-------- Dataset extract

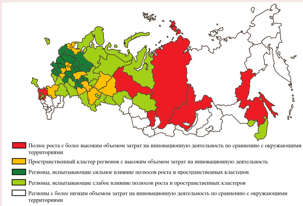
Рис. 2. Пространственная кластеризация регионов по объему осуществляемых предприятиями затрат на инновационную деятельность в 2020 году
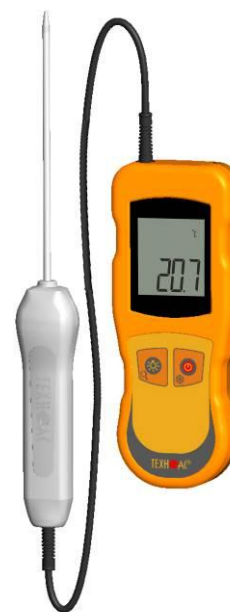
Рисунок 8 – Общий вид термометров контактных цифровых ТК-5 модификации ТК-5.01МС
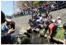
第12回審査委員長特別賞

応募方法 作品を2Lサイズで印刷し、裏面に公共施設などで配布しているチラシの応募票を貼り付けてください
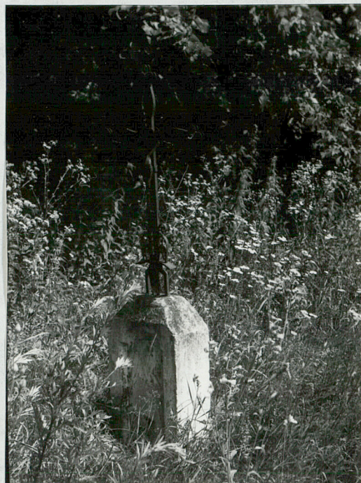
10) Krzyż metalowy na kamiennym postumencie.
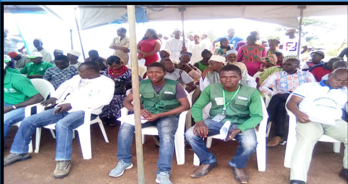
Journée mondiale du réfugié à Tongo-Gandima
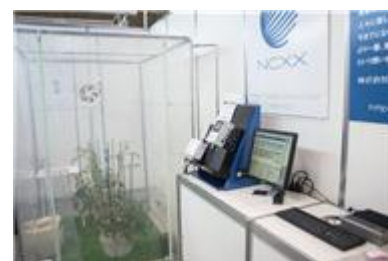
第1回国際次世代農業EXPO(通称アグリネクスト)の出展ブース

7月には、農業ICTを活用した施設栽培における病気予防策に関して、岩手大学との共同研究を開始いたしました。施設栽培における最も大きな課題の一つである病気の発生を抑えるために、静電気を利用したカビ胞子の捕集・静電気により発生するイオンを用いたカビ胞子の不活性化の実証実験を行います。ICTシステムにこれらの装置を組み込み制御することで施設内のカビの防除を行うだけでなく、実証試験による研究データの集積により病気発生予測を行い、事前に環境を制御することで、低コストで病気抑制を実現できる施設栽培システムの構築を目指しております。10月には、第1回国際次世代農業EXPO(通称アグリネクスト)に株式会社ネクスの農業ICTシステムの製品を出展いたしました。
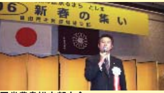
■党豊島総支部大会
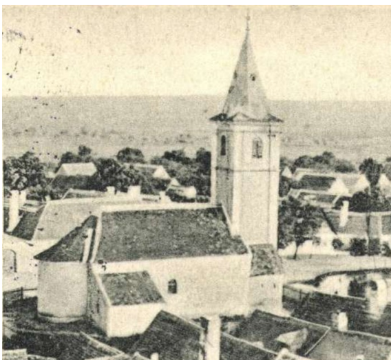
A templom 1910 körül (képeslap, részlet)

Az 1912. évi egyházlátogatási jegyzőkönyv szerint a templom jó karban volt, nem szorult tatarozásra. A celli Szűz Mária tiszteletére emelt főoltáron kívül változatlanul megvolt a Nepomuki Szent János-mellékoltár is.
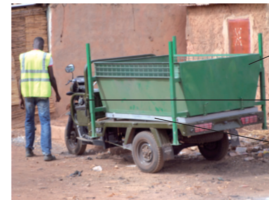
Porte arrière de la benne

Ce sont les mêmes types de motocyclette qui se trouve sur le marché : le Tricycle motorisé de 125 cm 3 a été équipée d'un cadre à came
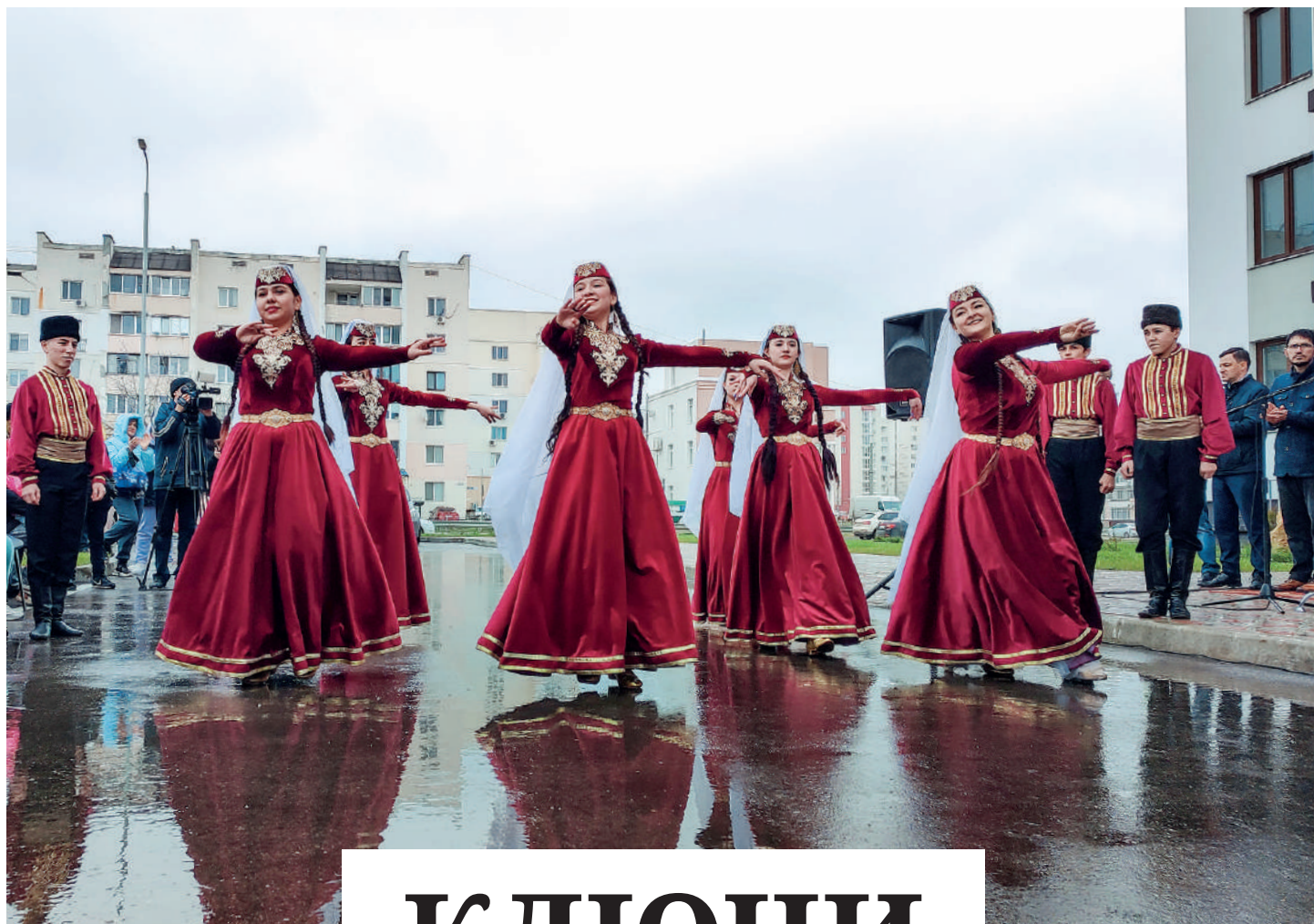
Вручение новосёлам ключей от квартир превратилось в большой праздник.

Михаил МИШУСТИН, Председатель Правительства Российской Федерации.
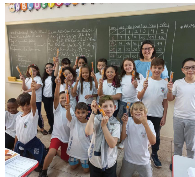
Alunos com escovas e cremes dentais distribuídos na campanha.

Nas palestras os cirurgiões dentistas reforçaram a importância da higiene bucal, da alimentação saudável e ensinaram o método correto de escovação.
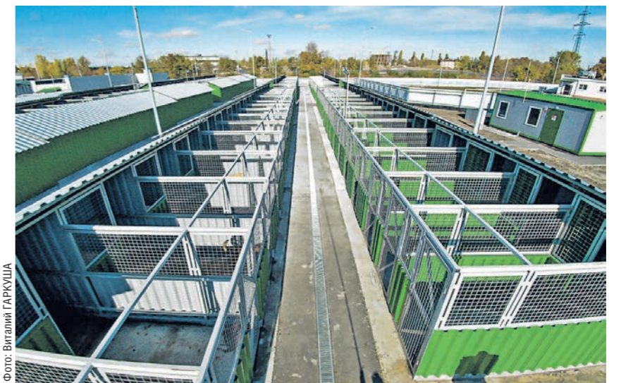
Приют для животных рассчитан на 250 мест. На содержание одной собаки в месяц тратится около 11 тысяч рублей

Вскоре установят часы посещения, когда волонтеры или потенциальные хозяева смогут прийти и познакомиться с обитателями приюта. Уже разработаны правила, регламентирующие визиты. Кроме того, на территории установлено около двух десятков камер. Мера, безусловно, необходимая: люди, как и животные, бывают очень разными.
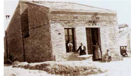
Una de les primeres cases del carrer d'Anselm Clavé l'any 1927 (L'edifici del darrere és el de l'antiga fàbrica del Sucre)

El barri de Can Clota, vora aquest mas, té l'espai limitat pels torrents de Can Clota i d'Esplugues, entre els quals es troba. Va néixer modestament als anys 30, en el camí de l'Hospitalet. També se l'ha conegut amb el nom del Sucre perquè al carrer d'Anselm Clavé hi havia una petita indústria, que empaquetava sucre de terrós per a bars i cafès. Pràcticament, el barri estava format per aquest carrer amb dues o tres travessies.
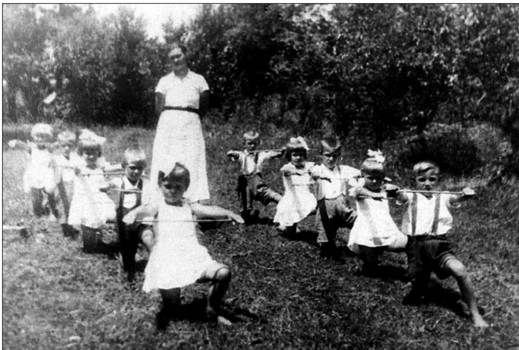
Lasteiaialapsed kasvatajaga eesti külas Abhaasias 1935. a. EFA 0-154281
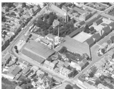
Vue aérienne, flanc sud-est.
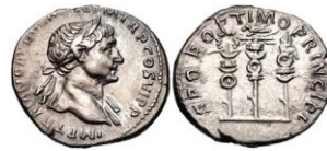
Denario de Trajano (RIC II 295).

Otras amonedaciones que copiaron el reverso de la serie legionaria de Marco Antonio fueron acuñadas por los postreros emperadores Clodio Albino (193 d.C.), Septimio Severo (193-211 d.C.), Caracalla (198-217 d.C.), Heliogábalo (218-219 d.C.), Galieno (253-268 d.C.), Constantino I, el Grande (303-337 d.C.), Maximino Daya (310-313 d.C.), Licinio I (308-324 d.C.) y Alejandro de Cartago (308-311 d.C.).
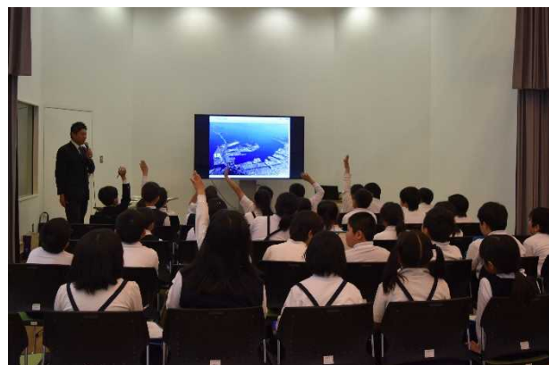
クイズに元気に答える様子

講座中は、海外から輸入される石炭、鉄鉱石や実際に灯台に使われているガラスなどの実物を見たり、港や海面清掃兼油回収船「美讚」についてメモを取る姿が見られました。
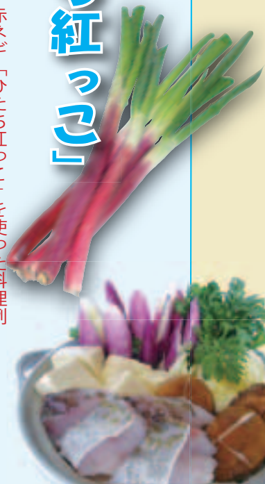
ひたち紅っこで寄せ鍋を!
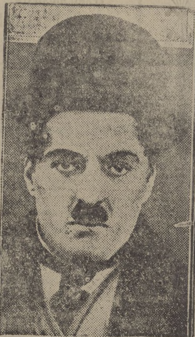
Charles Chaplin (Charlot) tal como se nos muestra en la pantalla

Si en un mañana próximo las democracias occidentales necesitan verter lágrimas por una situación bélica se dirá, y con razón, que esto pudo evitarse y aquellas lágrimas serán entonces conceptuadas como lágrimas de cocodrilo.

----------------

- _Your task_: Whenever a line in the records contains the word "通称アグリネクスト", copy that line.

- _Completed exercise_:
第1回国際次世代農業EXPO(通称アグリネクスト)の出展ブース
7月には、農業ICTを活用した施設栽培における病気予防策に関して、岩手大学との共同研究を開始いたしました。施設栽培における最も大きな課題の一つである病気の発生を抑えるために、静電気を利用したカビ胞子の捕集・静電気により発生するイオンを用いたカビ胞子の不活性化の実証実験を行います。ICTシステムにこれらの装置を組み込み制御することで施設内のカビの防除を行うだけでなく、実証試験による研究データの集積により病気発生予測を行い、事前に環境を制御することで、低コストで病気抑制を実現できる施設栽培システムの構築を目指しております。10月には、第1回国際次世代農業EXPO(通称アグリネクスト)に株式会社ネクスの農業ICTシステムの製品を出展いたしました。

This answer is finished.